According to the Hyundai Research Institute in 2019, the overall BTS effect in the economy was 5.56 trillion won per year in South Korea (US$ 4.9 billion). The institute predicted that BTS would create a total of 56 trillion won over 10 years from 2014 to 2023. A total of 7,928 more jobs were also estimated to be created by Dynamite’s entry at No. 1 in the Hot 100 chart in 2020 with 1.23 trillion won in production sector and 480 billion won were added to the value. According to the Bank of Korea Economic Statistics System, South Korea’s BOP (balance of payments) for music and entertainment in the first quarter of 2019 was US$ 114.7 million.

The tourism effect

A survey by the Korea Tourism Organization revealed the top five BTS-related locations. The Seoul Metropolitan Government also credited BTS with assisting in the recovery of Seoul’s tourism industry.

The consumer goods exports effect

BTS has an annual influence on consumer goods such as clothing (US$ 2.026 billion), cosmetics (US$ 2.8 billion), and food (US$ 3.966 billion) in 2019. They also bring 600 billion won (US$ 504 million) profit Hyundai carmaker as the company’s global ambassadors.

BTS enlistment worry stakeholders

The day BTS announced their enlistment plan, the stock price of BigHit Music’s parent company, HYBE, plunged several percent. The enlistment created a worry among stakeholders and became a major debate in South Korea between society and the lawmakers.

In an interview with Reuters, Shinhan Investment Corp. analyst Ji In-hae said that “Sales from BTS will not disappear. Members’ individual activities, the release of content and photobooks already filmed and older album sales will be highly profitable. However, with the biggest moneymaker absent, the key [for HYBE] will be how much sales are made from new businesses.”

How Indonesia should learn from South Korean soft ‘economy’ power

It is not accurate to say that Indonesia cannot do “soft diplomacy” like South Korea. Every country has its own unique set of resources and priorities that shape its approach to international relations, and it is not fair to compare one country’s diplomacy to another’s in an absolute sense. That being said, it is true that South Korea has been particularly successful in using “soft power” as a tool of diplomacy. South Korea has been able to effectively use its popular culture, including music, television shows, and movies, as a way to build connections with other countries and to promote a positive image of itself internationally.

Indonesia, also has its own unique cultural assets that it can use to pursue soft diplomacy. For example, Indonesian cuisine, traditional music and dance, and natural beauty are all assets that could potentially be leveraged in diplomatic efforts. However, it is ultimately up to the government and other organizations within the country to decide how to best utilize these assets and what approach to take in their international relations. There are some lessons from South Korean that Indonesia can apply when it comes to its soft power diplomacy:

  • Consider to use their famous group band or an actress to be an influencer to speak up about some issues that happening in Indonesia;
  • Creative directors in Indonesia can actually create some spirits of the younger generation through dance and music to promote Indonesia;
  • Between private companies & government should work together in order to make the Indonesia’s soft power diplomacy successful.

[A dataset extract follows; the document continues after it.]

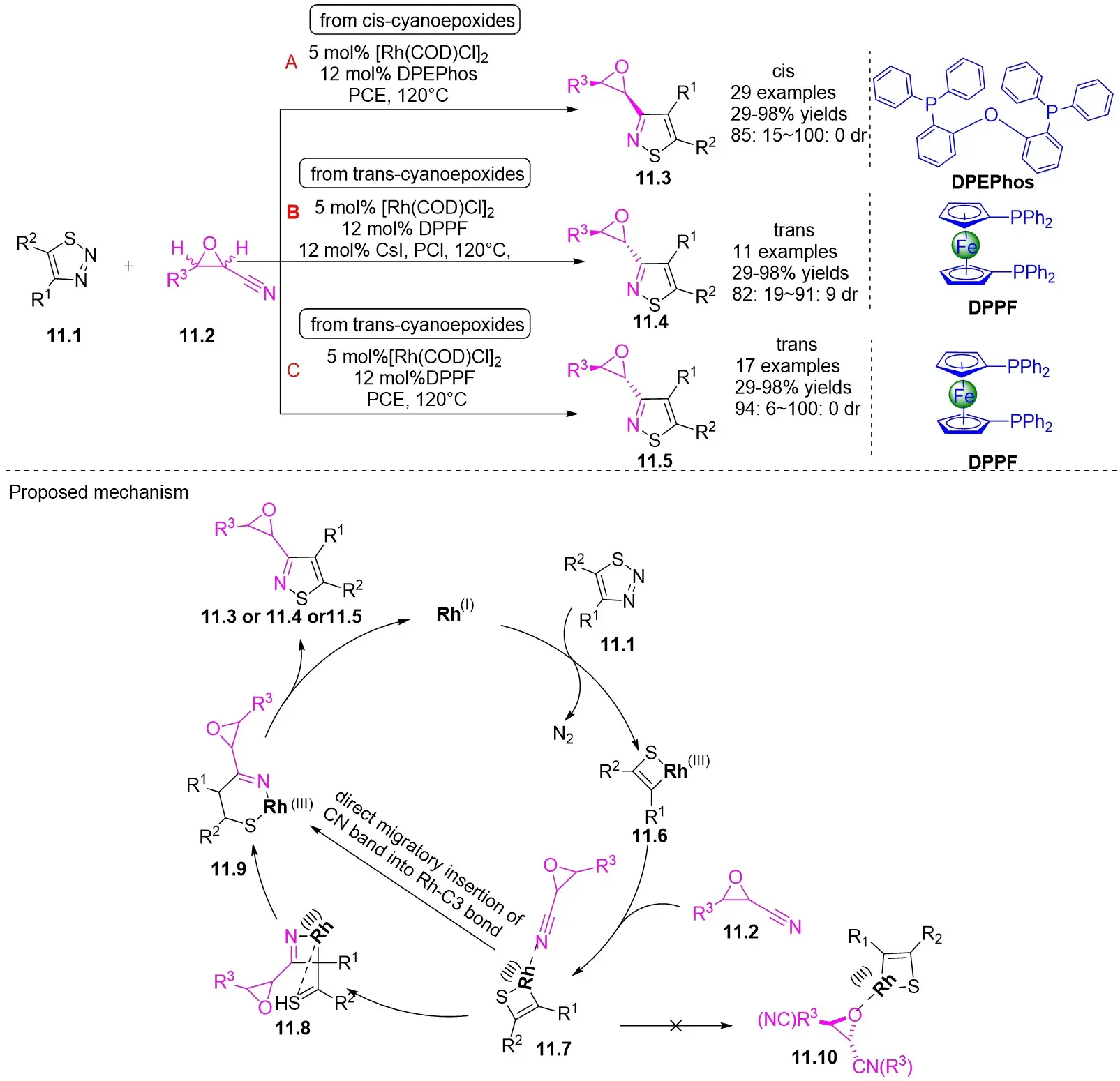 In the same year, the Yang team published on the Rh(I)-catalyzed (3 + 2) cyclization of 1,2,3-thiadiazoles 11.1 with cyanoepoxides 11.2, resulting in epoxy-functionalized isothiazoles exhibiting high chemoselectivity and diastereoselectivity (Figure 11)[43]. The reaction yielded either cis- or trans-epoxyisothiazoles, determined by the choice of ligand, from cis- or trans-epoxynitriles. Specifically, using the bis[(2-diphenylphosphino)phenyl]ether (DPEPhos) ligand resulted in cis-epoxyisothiazole formation from the cyclization of cis-cyanoepoxide, while employing the DPPF ligand generated epoxyisothiazole through cyclization. This observation can be attributed to the kinetic competition between the direct cyclization of cis cyano epoxide and the ligand-catalyzed isomerization of the cis product. With the use of DPEPhos, ring cyclization occurred much more rapidly than the isomerization process; rapid formation of the cis product prompted cooling to inhibit isomerization, enabling the exclusive isolation of the cis product. When DPPF was employed, the low ratio of cyclization to isomerization rates caused the initially formed cis product to isomerize to equilibrium, leading to the predominance of the thermally stable trans product. Implementing trans-cyanoepoxide under condition C enhances trans selectivity. The dependency of this outcome on the ligand can be explained by the thermal isomerization from cis to trans products, as previously elucidated by Bao et al.[44]. The transformation initiates with the coordination of the cyano nitrogen in cyanoepoxides 11.2 to form Rh(III) complex 11.6, generating intermediate 11.7. The subsequent migration of nitriles to the C1–C3 bond, along with the isomerization of 11.8 to the more stable pentacoordinate Rh(III) complex 11.9, followed by reductive elimination, results in the production of epoxyisothiazoles 11.3, 11.4, and 11.5. Due to the thermodynamic instability of intermediate 11.8, highlighted by computational research conducted by Bao[44], an alternative pathway was suggested. This pathway involves the direct migratory insertion of CN bonds into the Rh–C3 bond as a supplementary approach to generate 11.9. The preference for reacting with cyano groups rather than epoxy groups is attributed to the steric hindrance effect around the oxygen atoms in epoxy groups. Additionally, the electron-withdrawing nature of epoxy groups enhanced the remarkably high reactivity of cyano groups.

Cultural cooperation between both countries is profitable for South Korea

There are many areas of cultural cooperation between Indonesia and South Korea. Here are a few examples:

Art and music: Indonesia and South Korea have a long history of cultural exchange in the arts and music. South Korean pop culture, in particular, has gained a large following in Indonesia, and many Indonesian artists have gained popularity in South Korea.

Film and television: Indonesia and South Korea have also cooperated in the film and television industries. For example, some South Korean films have been dubbed into Indonesian and have been screened in Indonesian theaters.

Education: Indonesia and South Korea have also worked together in the field of education. Many Indonesian students study abroad in South Korea, and South Korean universities have established partnerships with Indonesian universities.

Food: Indonesian and South Korean cuisine have both gained popularity around the world, and there has been cultural exchange in the culinary arts between the two countries.